Abstract

The impact of the 2019 super positive Indian Ocean Dipole (PIOD) event, the strongest in the last four decades, which also co-occurred with an El Niño and a strong summer monsoon, on Indian Ocean sea surface salinity (SSS) is examined using the Soil Moisture Active Passive satellite measurements. Salt budget estimation suggests a predominant, nearly ocean-wide influence by surface freshwater flux and horizontal advective terms. Subsurface ocean influence on the salt budget occurs mainly in the southeastern tropical Indian Ocean (SETIO). The PIOD event suppressed the influence of the El Niño, thereby causing anomalous high precipitation in western India, and leading to an unusual freshening in the southeastern Arabian Sea (AS), which is subsequently advected towards the equatorial Indian Ocean (EIO).
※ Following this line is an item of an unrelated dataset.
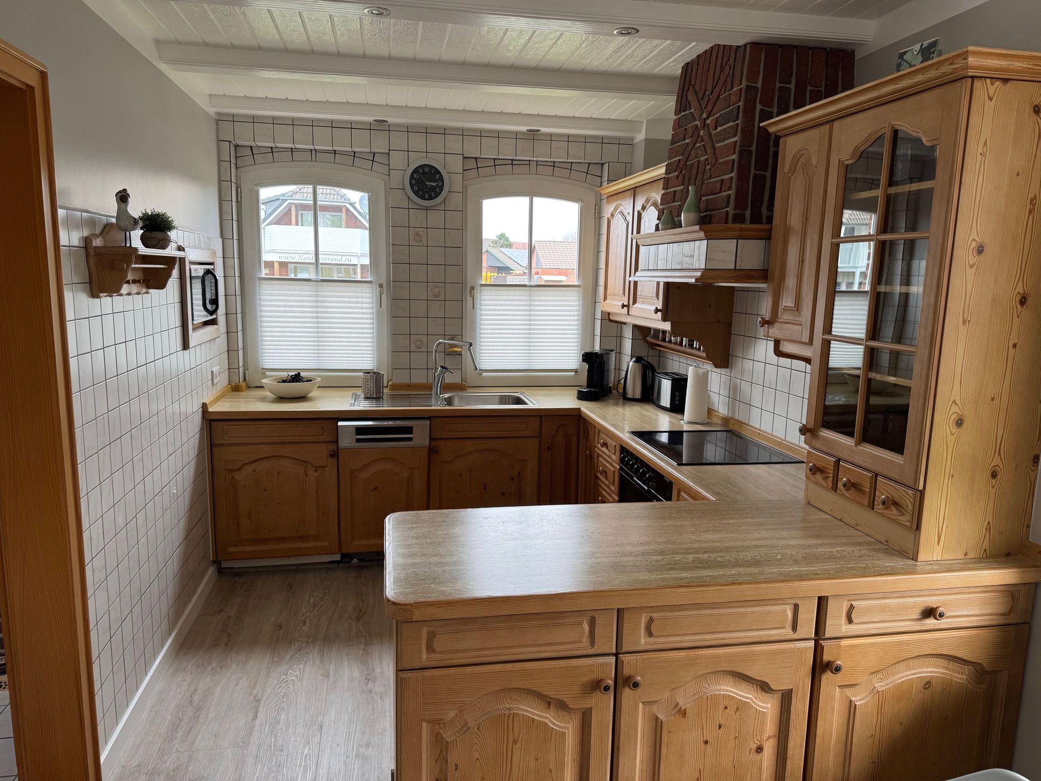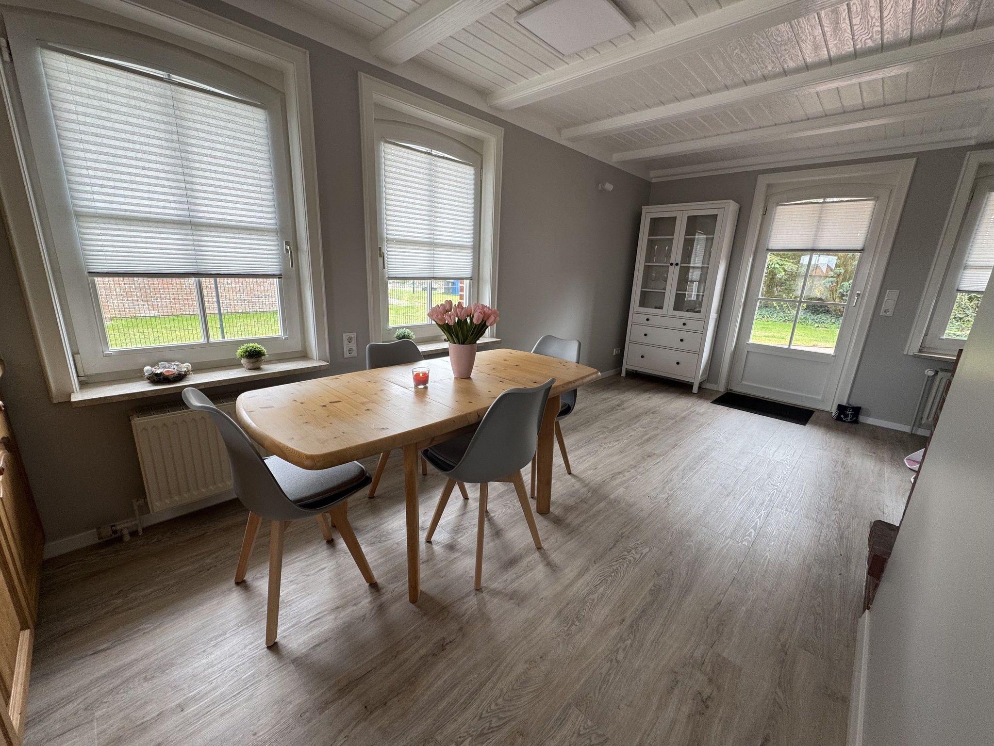 Die Massivholz-Einbauküche lässt keine Wünsche offen: Sie ist mit hochwertigen Elektrogeräten, Geschirr und allem ausgestattet, was Sie zum Kochen brauchen. Direkt anschließend lädt der helle Essbereich mit Blick in den Garten bis zu 6 Personen zum Verweilen ein.

In the western Bay of Bengal (BoB), following the waning of monsoon-influenced precipitation in the fall, SSS becomes anomalously salty and traverses towards the AS against the flow of anomalous surface currents. During the peak of the summer monsoon in August–September and the peak of the PIOD event in September–November, SSS in the EIO exhibited tendency for freshening, mainly driven by westward advection of freshwater from the eastern BoB. Conversely, in the SETIO, there was tendency for salinification due to suppression of precipitation, enhanced upwelling of high subsurface salinity, and northward advection of salty water. During December to January of the following year, these salinity tendencies reversed, with salinification in the EIO and freshening in the SETIO.